My first honey ferment was a honey garlic recipe where you clean the garlic- poke holes in it and submerge the cloves in honey for a month or two! But that was the easy part! Co2 is released when fermenting and the jars needed to be “burped” twice a day for the first 8-10 days and then just once a day until the gas didn’t build to the point of exploding! Just my kind of project! I loved it! I then fermented jalapenos - sweet bonnet peppers, lemons and ginger in honey and just this autumn I did a few jars of cranberry honey too!
While delighting in the success of the honey garlic, I caught wind of the word mead. I was intrigued by both the complexity of some recipes and yet the simplicity of the process! I started to ask around at work, what is it? What’s it taste like? How do you make it? I was so excited!! I wanted to develop a plan to present a new business venture to the owner and executives! My enthusiasm for creating and sharing was at it’s peek! Until a co-worker brought in a jar for me to taste….. It was awful! (no offense!) but soooo bad! I’m not one to shy away from a good stiff drink – but I couldn’t choke it down! It was at that moment I had wondered what the heck I was getting myself into! How was I going to share this “new to me mead” with everyone when I couldn’t even drink it myself?! “Here, try this. I can’t drink it, but I think you’ll like it!” Couldn’t do it. With a deep sigh of defeat- and before giving up completely, I wanted to make some myself– see why it’s so “jet fuel” like. If I could figure out the why then I could maybe tweak the recipe into something drinkable.
I was impulsive (and desperate) and started my brew with no equipment! (not recommended, but do-able!) I had 6 lbs of honey in a 5gal pail and a package of yeast. I put the yeast in a mug with hot water (I likely burnt the yeast). I warmed up a pot of water to make it easier to dissolve the honey. I added the water to the pail, mixed and mixed. Added the yeast, mixed again, and then sealed the lid onto the pail. No air lock - no vent… nothing. I was now burping a 5gal pail of honey water twice a day in fear of that exploding too! My morning routine while waiting for the kettle to boil was to go around and burp my jars of garlic and the pail of mead! Evenings on my way home I would say a little prayer that nothing exploded while I was at work! I’ve (knock on wood) only had one jar explode! I had forgotten to burp it one day and when I remembered and went to burp it it started to fizzle! I ran it outside and unfortunately lost half the jar of mead, but I managed to get it outside!

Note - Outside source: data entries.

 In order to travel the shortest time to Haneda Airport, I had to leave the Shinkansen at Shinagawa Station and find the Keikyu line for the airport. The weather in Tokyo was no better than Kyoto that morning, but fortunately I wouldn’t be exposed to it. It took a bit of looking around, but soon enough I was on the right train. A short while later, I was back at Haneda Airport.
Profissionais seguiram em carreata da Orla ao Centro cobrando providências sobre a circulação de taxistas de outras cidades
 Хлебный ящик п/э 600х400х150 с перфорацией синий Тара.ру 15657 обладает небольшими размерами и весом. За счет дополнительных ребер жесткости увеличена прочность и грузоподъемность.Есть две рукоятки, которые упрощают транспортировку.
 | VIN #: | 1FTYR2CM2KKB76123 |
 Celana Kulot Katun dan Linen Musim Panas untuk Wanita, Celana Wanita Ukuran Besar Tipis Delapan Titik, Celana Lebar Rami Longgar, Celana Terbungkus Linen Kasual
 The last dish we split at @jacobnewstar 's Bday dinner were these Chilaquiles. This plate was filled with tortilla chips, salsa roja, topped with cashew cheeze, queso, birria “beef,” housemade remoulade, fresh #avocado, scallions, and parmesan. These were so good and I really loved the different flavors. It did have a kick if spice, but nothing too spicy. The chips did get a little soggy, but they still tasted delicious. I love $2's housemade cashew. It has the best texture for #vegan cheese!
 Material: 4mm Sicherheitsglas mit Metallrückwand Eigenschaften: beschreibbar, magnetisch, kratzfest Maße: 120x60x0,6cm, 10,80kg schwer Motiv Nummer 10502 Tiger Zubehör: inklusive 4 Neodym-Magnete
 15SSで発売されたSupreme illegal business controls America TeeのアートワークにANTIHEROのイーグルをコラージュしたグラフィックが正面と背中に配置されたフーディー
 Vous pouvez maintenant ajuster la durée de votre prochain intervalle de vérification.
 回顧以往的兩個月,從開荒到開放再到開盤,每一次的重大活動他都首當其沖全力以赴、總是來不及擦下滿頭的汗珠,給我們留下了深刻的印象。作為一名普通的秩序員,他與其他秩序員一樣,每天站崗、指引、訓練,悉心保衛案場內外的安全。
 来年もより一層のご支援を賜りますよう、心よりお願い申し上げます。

So long story, not so short- my first mead was amazing! Everyone loved it! It was on the drier side of things but quite lovely! Since then I have been adding flavours and making sweeter meads and talking to anyone who'll listen! I love introducing people to mead and I love talking to experienced mead makers and honey fermenters and picking their brains!
Join me on my journey to learn all there is to learn about mead making. I will take you along with me, sharing everything I learn on this blog and our facebook group, The Tipsy Hive. I hope you join us and learn something along the way!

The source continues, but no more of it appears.